Tinha combinado ir ter com eles ao bar da praia em Cascais, o mesmo onde eu actuava à uns tempos.

Havia pouco trânsito, então, consegui chegar mais cedo do que o habitual. Estacionei o carro no novo parque de estacionamento da praia, e escolhi o sítio vago mais perto do edifício. Entrei no bar pela porta da frente e estavam lá todos, o Guilherme, o Marco, a Manuela, a Luísa, a Carina, e o Diogo.

- Heeeeeeeey! Que saudades, gata! - disse o Marco, levantando-se para me abraçar.

- Também já tinha saudades, - sorri. - de todos!

- Bem, estás uma brasa! - disse-me a Manu.

- Gracías! - disse-lhe piscando o olho e mandando-lhe um beijo.

Sentei-me, bebi um café e estivemos a conversar durante bastante vezes, por vezes era-mos interrompidos por pessoas que queriam autógrafos e fotografias, e pediam para mandar beijinhos ao David. Eu tentava ser super simpática, porque também já andei à caça de autógrafos.

Eram 23:49 e senti o meu telemóvel a vibrar tirei-o da minha bolsa e vi no visor a foto do David, era ele que me estava a ligar, atendi, mas sem me levantar da mesa.

- Estou? - disse-lhe.

- "Oi, não te estou ouvindo bem, muito ruído. Onde estás?"

- Estou em Cascais, num bar. - levantei-me e disse-lhes que voltava já, dirigi-me para fora do edifício. - Agora ouves melhor?

- "Sim, perfeitamente. Estás com a Mariana?"

- Não, estou com o pessoal de Cascais. Mais informações?

- "Desculpa, fui muito parvo de manhã. Tava muito preocupado com você, com o que poderia ter acontecido." - senti a voz dele falhar.

- Eu sei David, está tudo bem. Mas isso não te dá ao direito de me falares com aquele tom de voz, não dá.

- "Eu sei, eu te amo, estou super arrependido, eu te amo, asério. Desculpa."

- Eu também David, tu sabes.

- "Não fica brava comigo."

- Tá bem, vou voltar para dentro, beijos. - desliguei a chamada antes de ele ter oportunidade de responder.

Voltei para dentro e ficámos mais uma hora a conversar, depois fomos para uma discoteca e santo cristo! As saudades que eu tinha destas noitadas sem qualquer preocupações, apenas a divertir-me, o Pedro fazia algumas noites de DJ, e esta era uma delas. Fomos os últimos a sair, deviam ser umas oito da manhã.

- Ficas bem? - perguntou-me o Marco.

- Óptima, adorei a noite de hoje! - abracei-o. - Obrigada!

Entrei no carro e conduzi até uma pastelaria.

- Bom dia, o que vai desejar? - disse uma rapariga super bonita.

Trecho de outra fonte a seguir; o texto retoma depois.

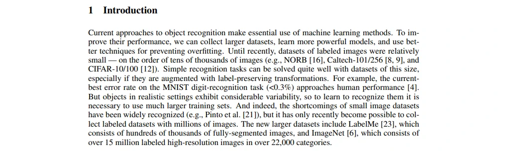 大数据集、大模型、更好的技术来防止过拟合,这基本是机器学习正常的途径。当时深度学习界认为,大模型+正则来防止过拟合,并且在之后几年内大家也是这么做的。但现在观点来看,好像正则又不是很重要,关键是整个神经网络的设计,使得很大的神经网络在没有很好的正则情况下也能训练的很好。这部分的理论和实践工作还在推进,坐等以后新的结论。后面吹了一下它这个ImageNet特别好,毕竟题目就说了本文用的是ImageNet,吹一下它数据量大、类别多。
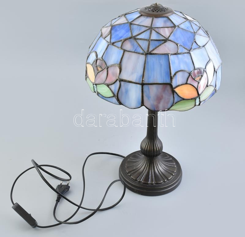 Tiffany jellegű lámpa. Ólomüveg, Működőképes, jó állapotban m: 47 cm, ...
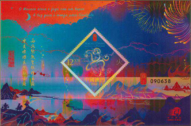 澳门2016年1月22日发行的猴年生肖邮票小型张,左下角有师徒4人过火焰山的图案。
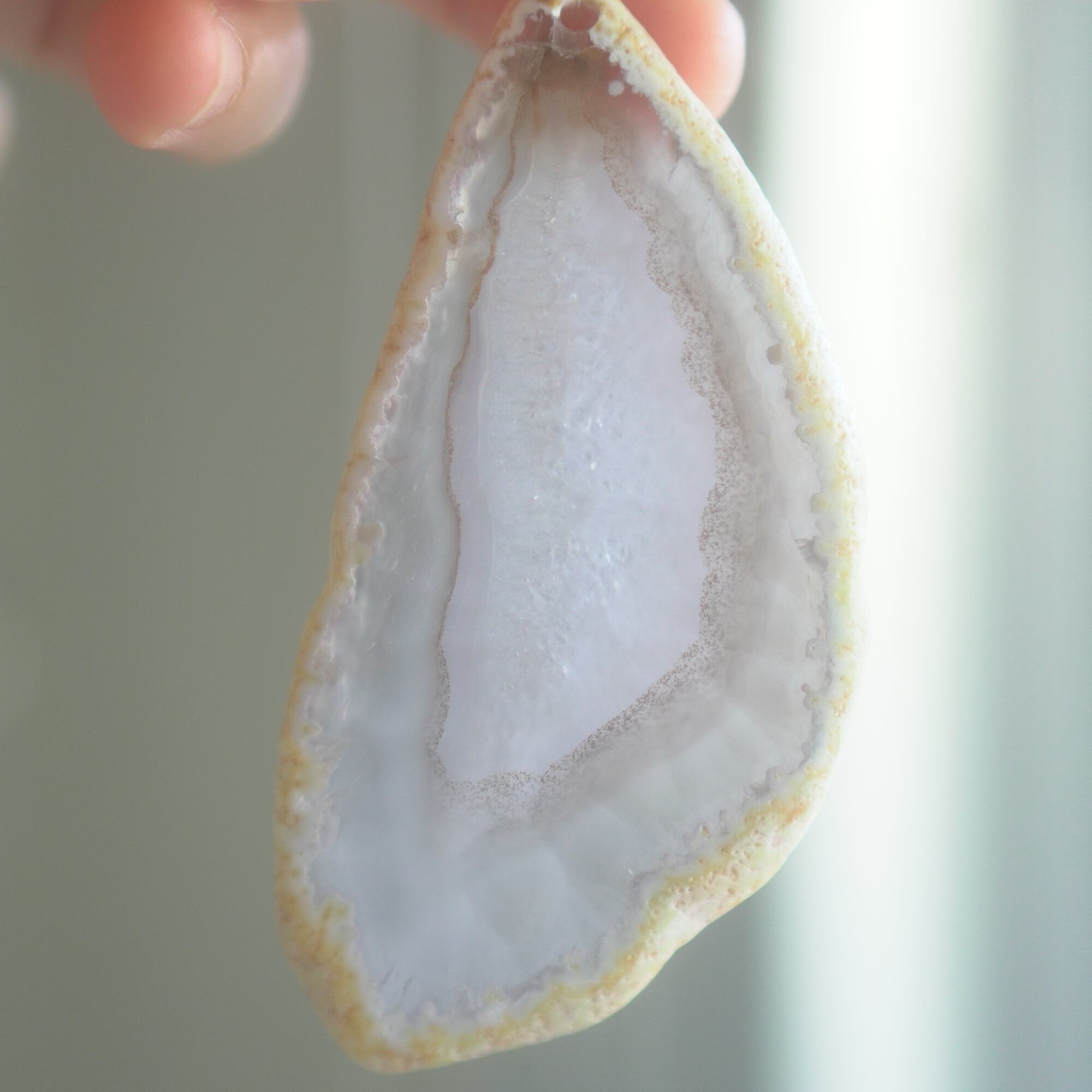 重ねる石同士の側面の加工状態によっても良い音が鳴ったり鳴らなかったり、石の見た目だけで組み合わせを決められないことが難しいポイントでもあるのですが、そんな中、たくさんの石の中から選ばれた5枚のスライスアゲートから出来上がったチャイムたちは、どこか悠々自適に空を泳ぐ妖精のようでもあり、それぞれの音を楽しそうに奏でてくれます。
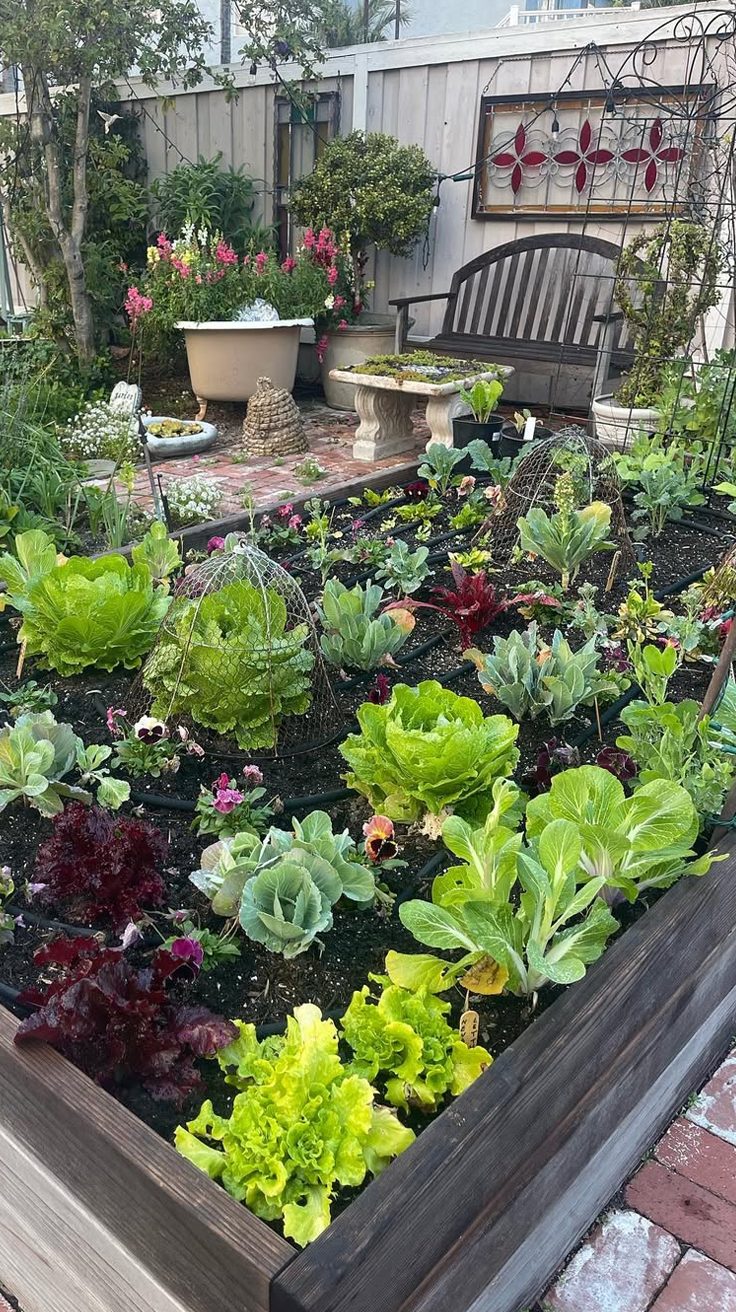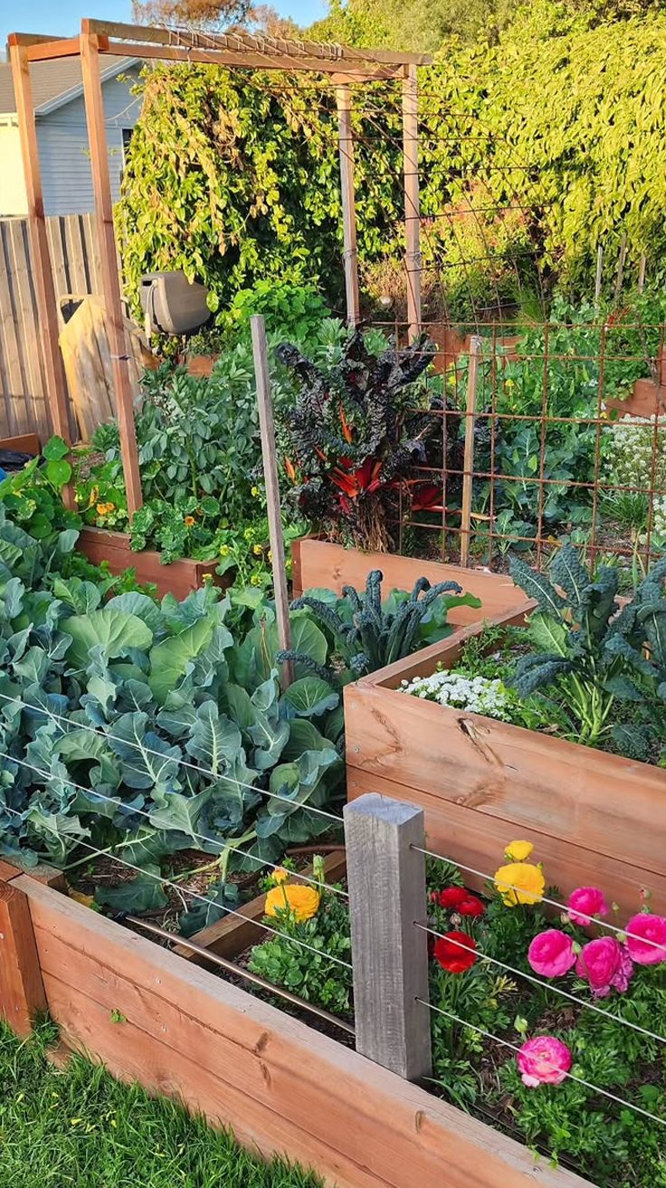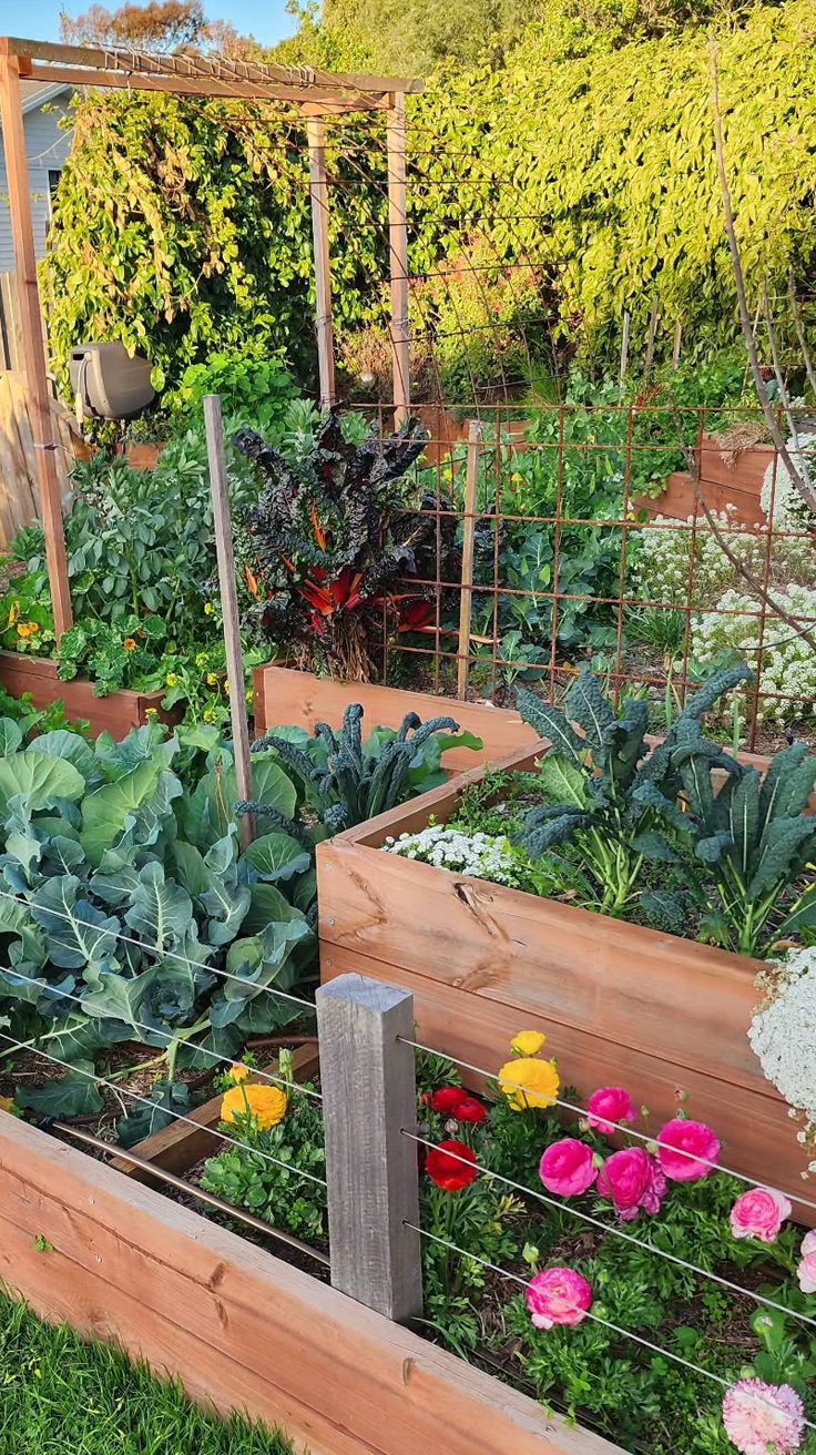 Bright greens catch your eye with lush cabbage leaves sprawling across tidy wooden raised beds. The contrasting colorful flowers pop, adding a cheerful touch that pairs perfectly with the vibrant vegetables growing nearby.
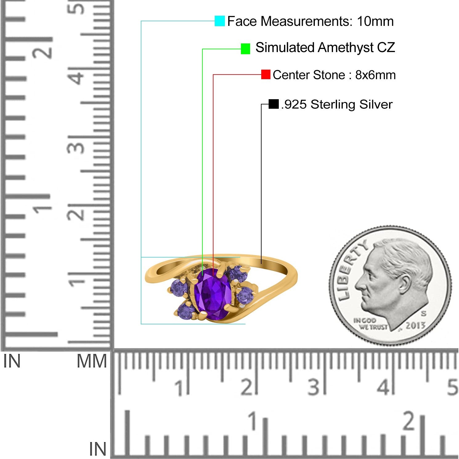 Yellow Tone, Simulated Amethyst CZ
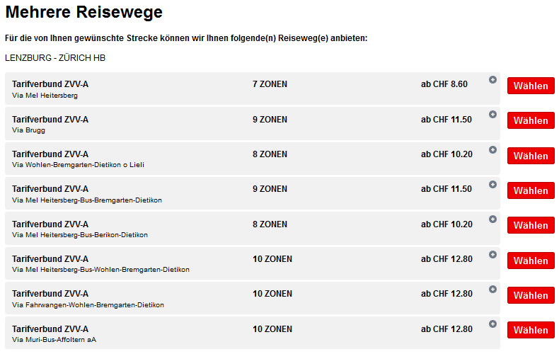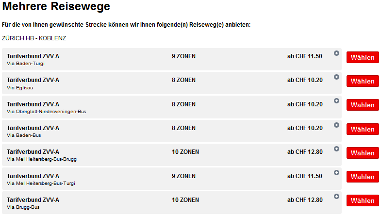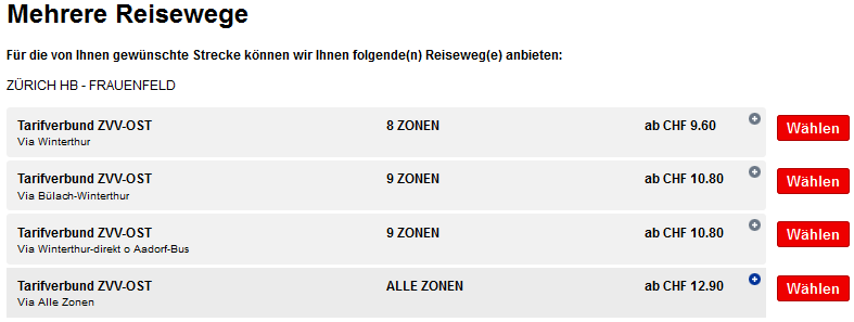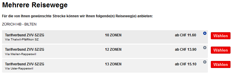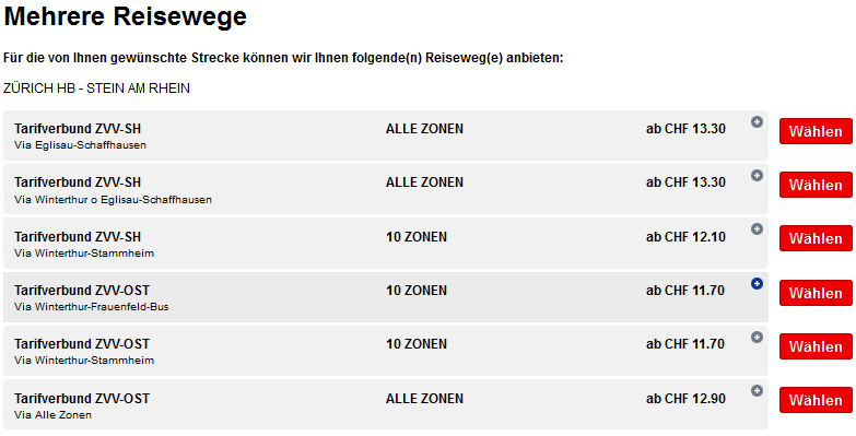 ... nach Stein am Rhein gibts dann schon 6 vorgeschlagene Wege mit vier verschiedenen Preisen...,
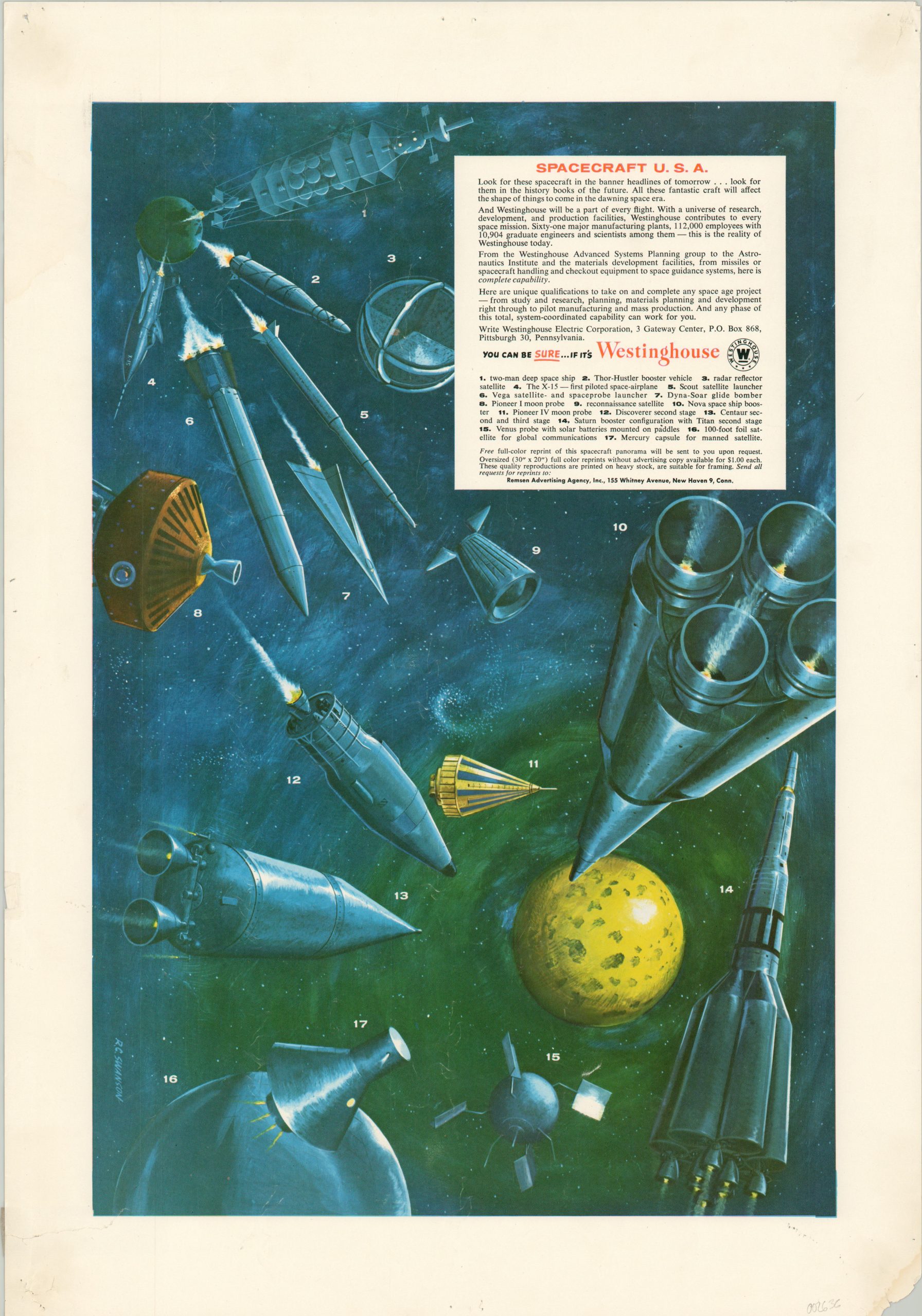 In late 1959, the Westinghouse Electric Corporation opened its Astronuclear Laboratory to assist in the development of nuclear propulsion at the height of the Space Race. This poster was likely issued shortly thereafter, based on the variety of spacecraft depicted within the image.
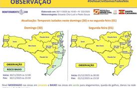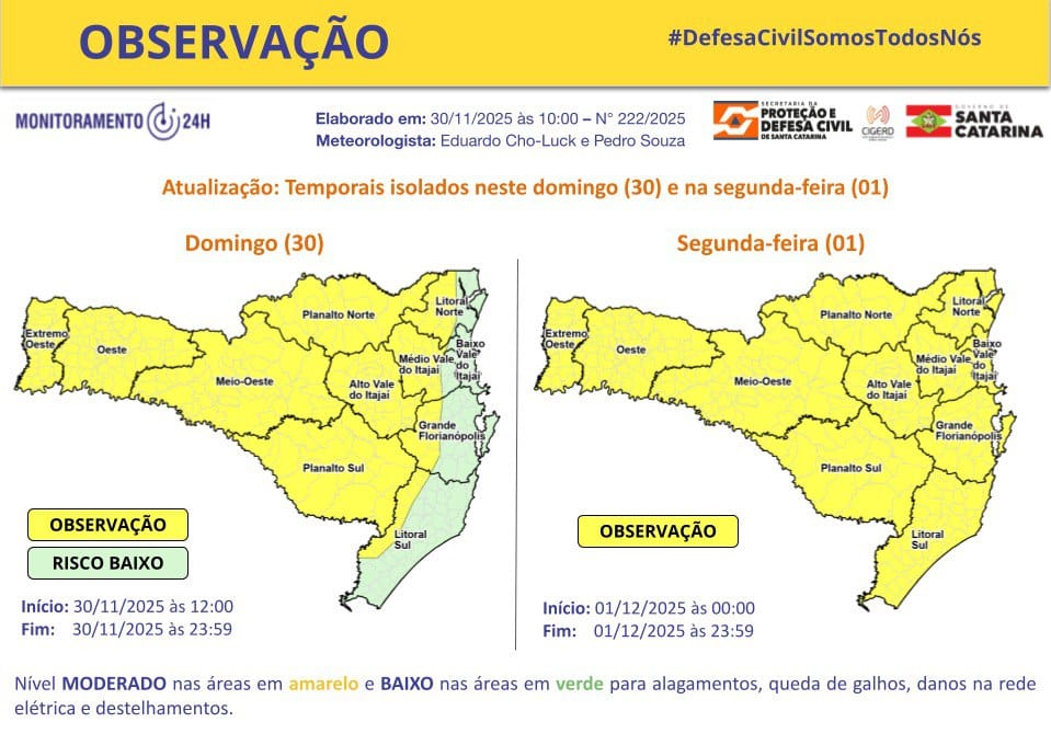 Defesa Civil emite aviso de observação para temporais em Balneário Camboriú
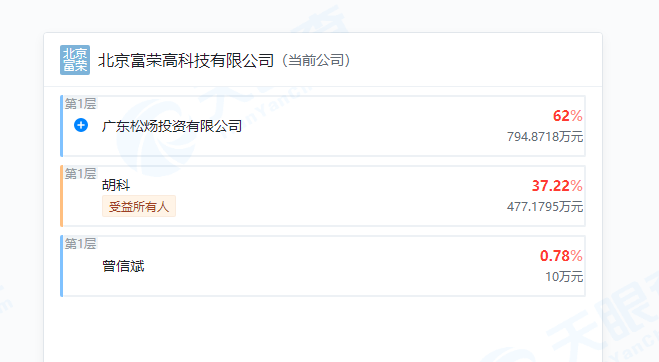 信息显示,2023年10月18日,富荣高科发生投资人变更,松炀投资、胡科、曾信斌对应认缴出资额变为794.87万元、477.18万元和10万元。
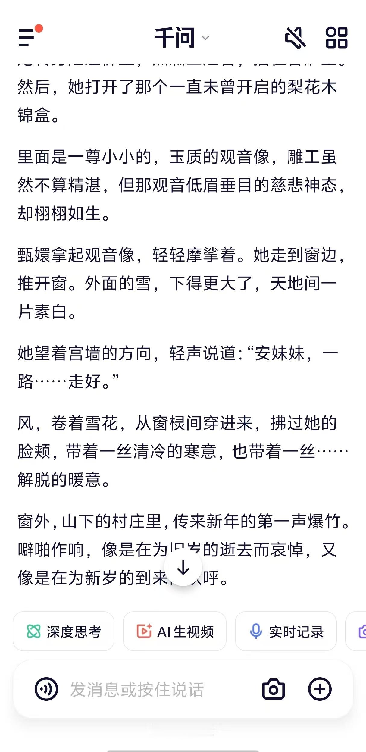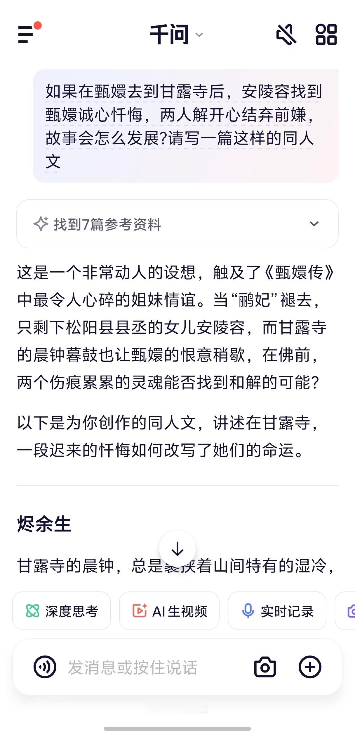 00后有自己的ai磕爱文学真的没有人和我一起建设鸟嬛这对恨海情天的CP吗!就是爱这股阴暗酸涩的拉扯感,还是千问最懂我了,感谢千问这个不用休息的厨子,让我时时刻刻都能品味到香香的饭。鸟嬛
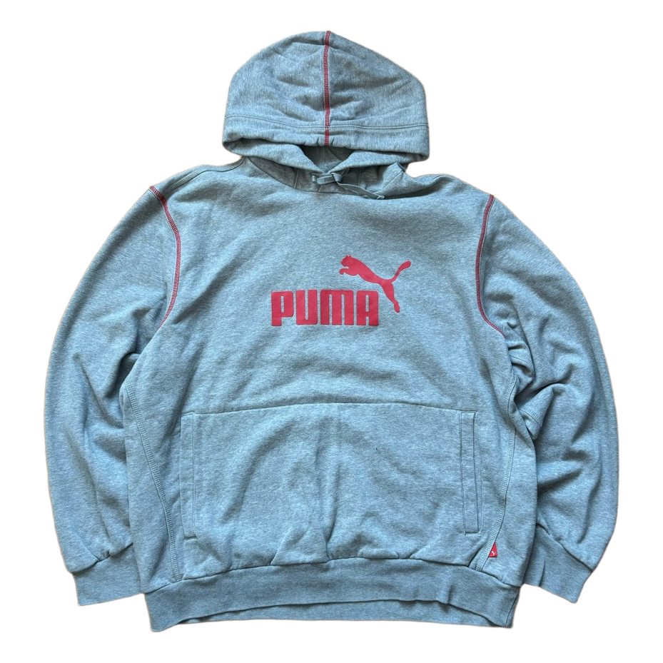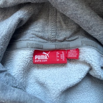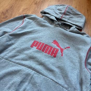 Grey Puma hoodie with red logo. Features a hood and a front pouch pocket. Size XL.

- Bom dia, pode ser um capuccino e um pão com manteiga.

Tirei da minha bolsa o telemóvel e tinha uma sms do David.

"Bom dia amor!
Espero que a noite de ontem tenha corrido bem, e que não esteja brava comigo, te amo."

Respondi de imediato.

"Correu muito bem, tou a sair da discoteca agora, LOL, já passou, beijo."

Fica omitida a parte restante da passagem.